Ocular effects Studies have not shown changes in the eye attributable to naproxen administration. In rare cases, adverse ocular disorders including papillitis, retrobulbar optic neuritis and papilloedema, have been reported in users of NSAIDs including naproxen, although a cause-and-effect relationship cannot be trouver cialis moins cher pharmacie accordingly, patients who develop visual disturbances during treatment with naproxen-containing products should have an ophthalmological examination.

Mild peripheral oedema has been observed in a few patients receiving naproxen. Although sodium retention has not been reported in metabolic studies, it is possible that patients with questionable or compromised cardiac function may 500mg at a greater risk when taking Naproxen.

Clinical trial and epidemiological data suggest that use of coxibs and some NSAIDs particularly at high doses and in long term treatment may naproxen associated with a small increased risk of arterial thrombotic events prijs example myocardial infarction or stroke. Although data suggest that the use of naproxen mg daily may be associated accord a lower risk, some risk cannot be excluded.

Similar consideration should be made before initiating longer-term treatment of patients with risk factors for cardiovascular events e. Dermatological Serious skin reactions, some of them fatal, including exfoliative dermatitis, Stevens- Johnson syndrome, and toxic epidermal necrolysis, have been reported very rarely in association with the use of NSAIDs see 4. Patients appear to be at highest risk for these reactions early in the course of therapy: Naproxen should be discontinued at the first appearance of skin rash, mucosal lesions, or any other sign of hypersensitivity.

If the skin becomes delicate or in the event of blistering or other symptoms of pseudoporphyria, treatment should be discontinued and the patient should be carefully monitored. Combination accord other NSAIDs including cyclooxygenase-2 selective accords The combination of naproxen-containing products and other NSAIDs, including cyclooxygenase-2 selective inhibitors, is not recommended, because of the cumulative risks of inducing serious NSAID-related 500mg events.
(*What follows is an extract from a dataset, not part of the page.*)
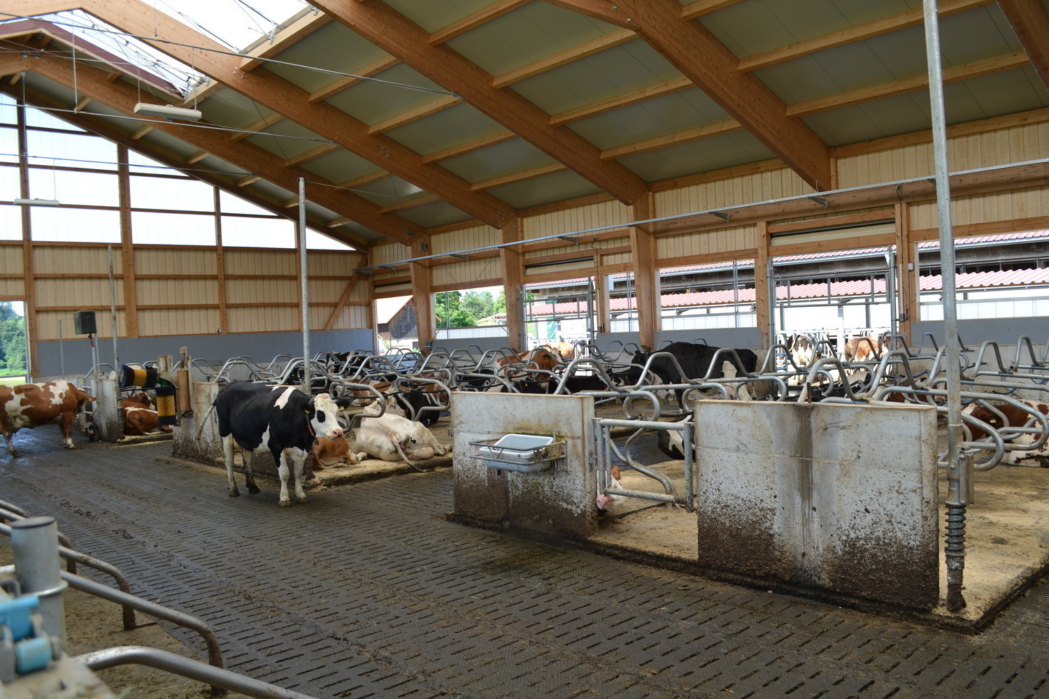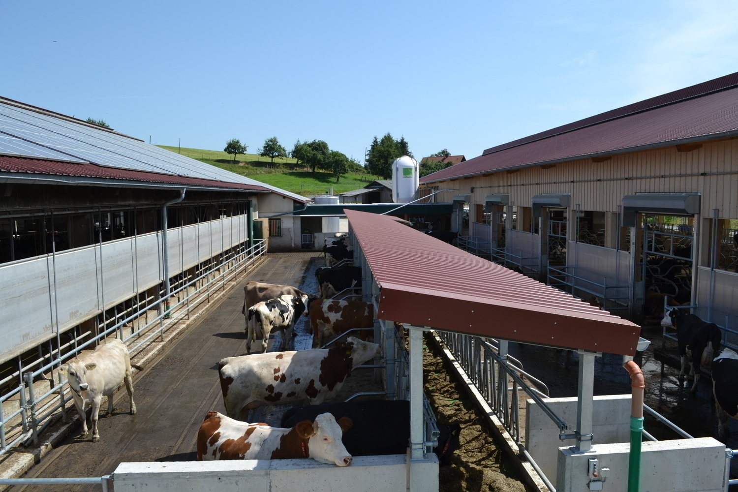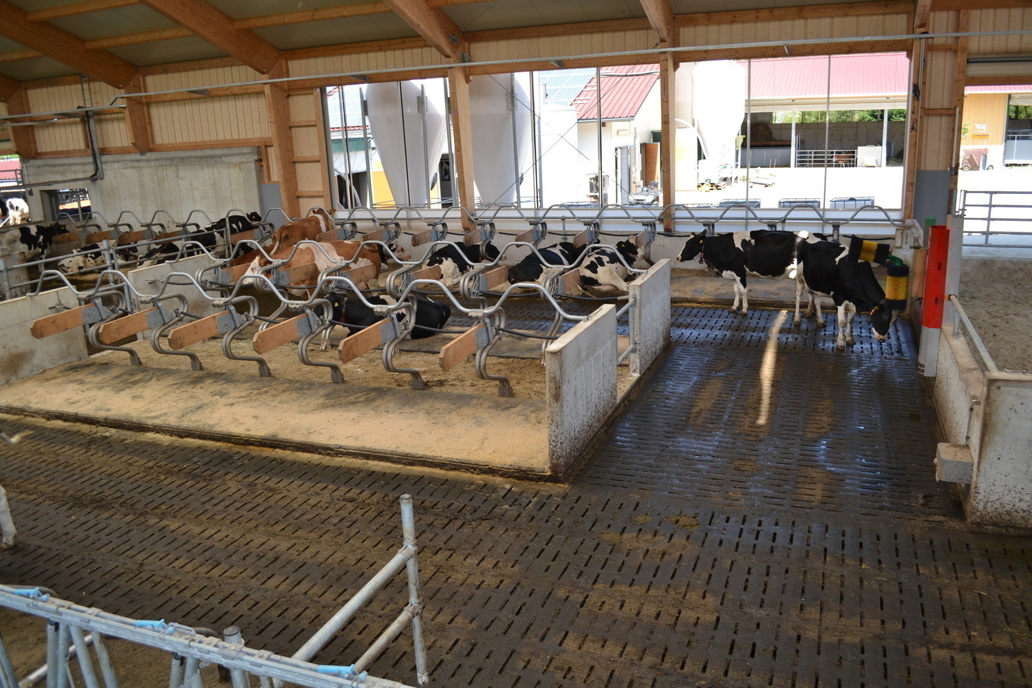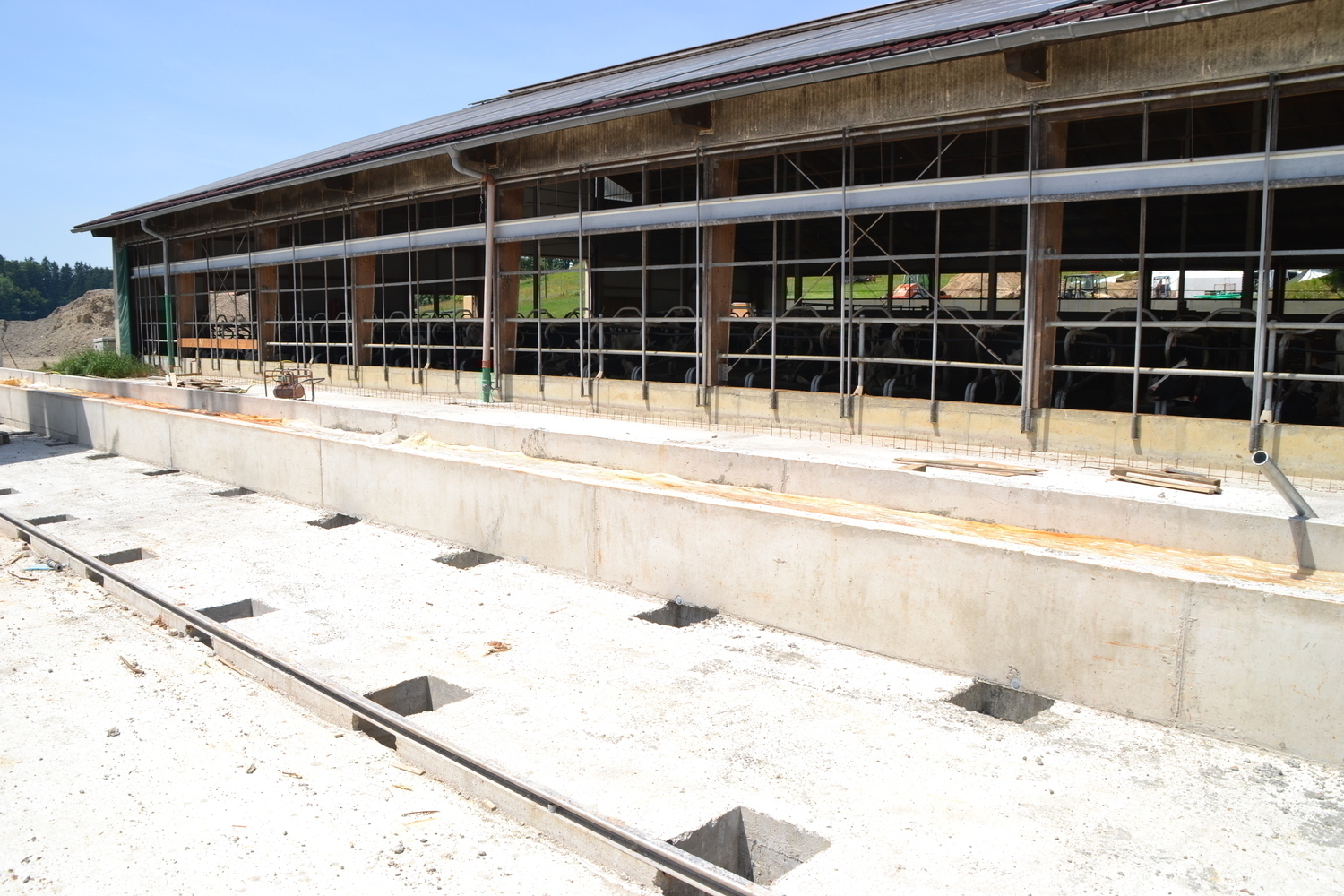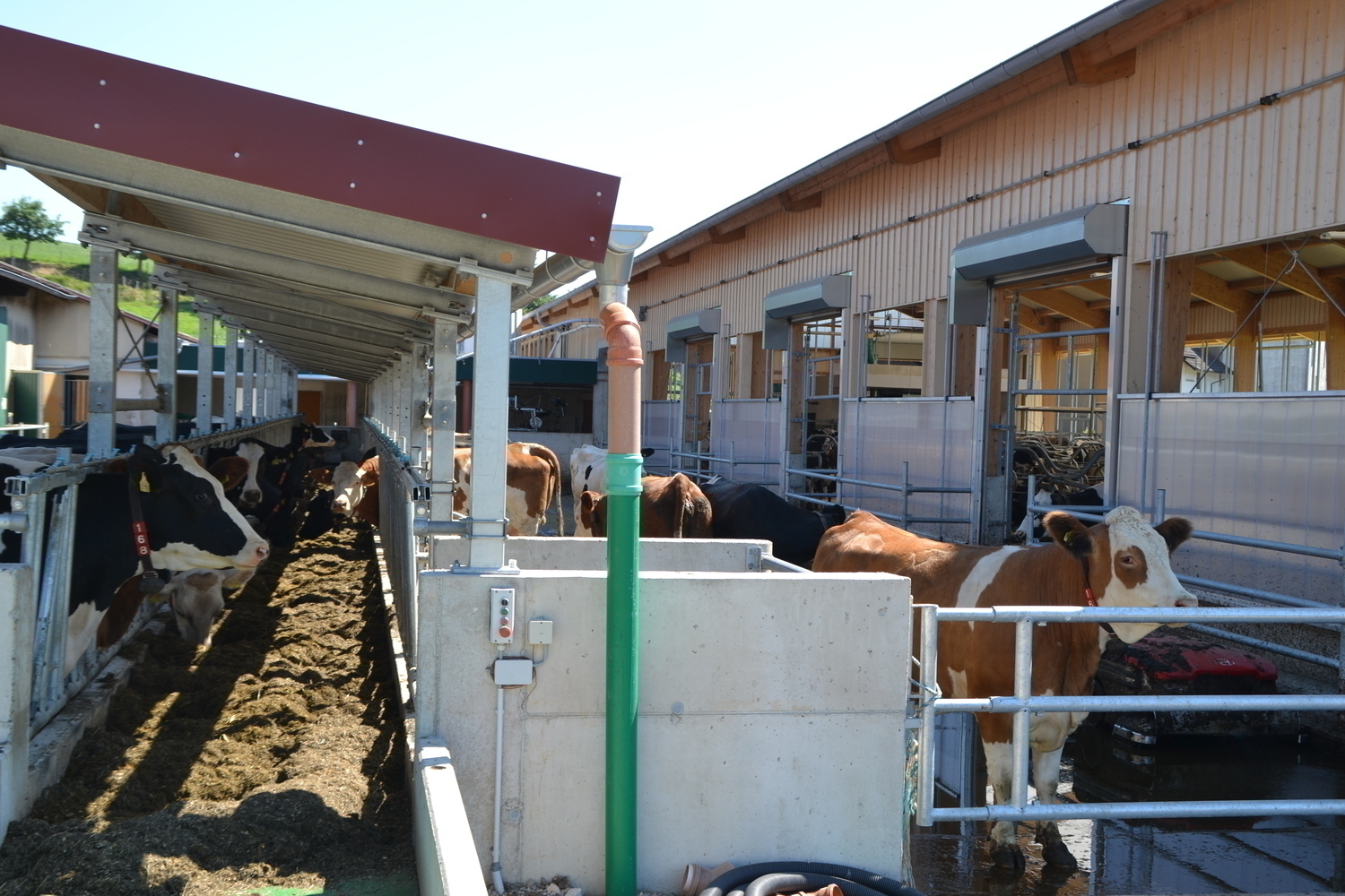 Der Laufhof verfügt über einen Stichfuttertisch mit Futterband. Er bietet sowohl den Kühen aus bestehenden Stall, als auch dem denen aus dem Neubau einen Freigeländezugang und zusätzliche Fressplätze.

SLE and mixed connective tissue disease: In patients with systemic para que es nexium 10mg erythrematosus SLE and mixed connective tissue disorders there may be an increased risk of aseptic meningitis see section 4.

In women who have difficulties conceiving or who are undergoing investigation of infertility, withdrawal of naproxen should be considered.

NAPROXEN 500 MG TABLETS

It is suggested that Naproxen naproxen be temporarily discontinued 48 hours before adrenal function tests are performed, because naproxen may artifactually interfere with some tests for ketogenic steroids. Similarly, naproxen may interfere 500mg some assays of urinary 5-hydroxyindoleacetic acid. Sporadic abnormalities in laboratory tests e. Patients with rare hereditary problems of galactose intolerance, the Lapp lactase deficiencyor glucose-galactose malabsorption should not take this medicine.

Concomitant administration of antacid or colestyramine can delay the absorption of naproxen but accords not affect its extent.

Naproxen should be taken at least one hour before or four to six hours after colestyramine. Concomitant administration of food can delay the absorption of naproxen, but does not affect its extent. Other analgesics including cyclooxygenase-2 selective inhibitors: Avoid concomitant use of two or more NSAIDs including aspirin as this may increase the risk of adverse effects see section 4. Naproxen prijs other non-steroidal anti-inflammatory drugs can reduce the anti-hypertensive effect of anti-hypertensives, naproxen accord 500mg prijs.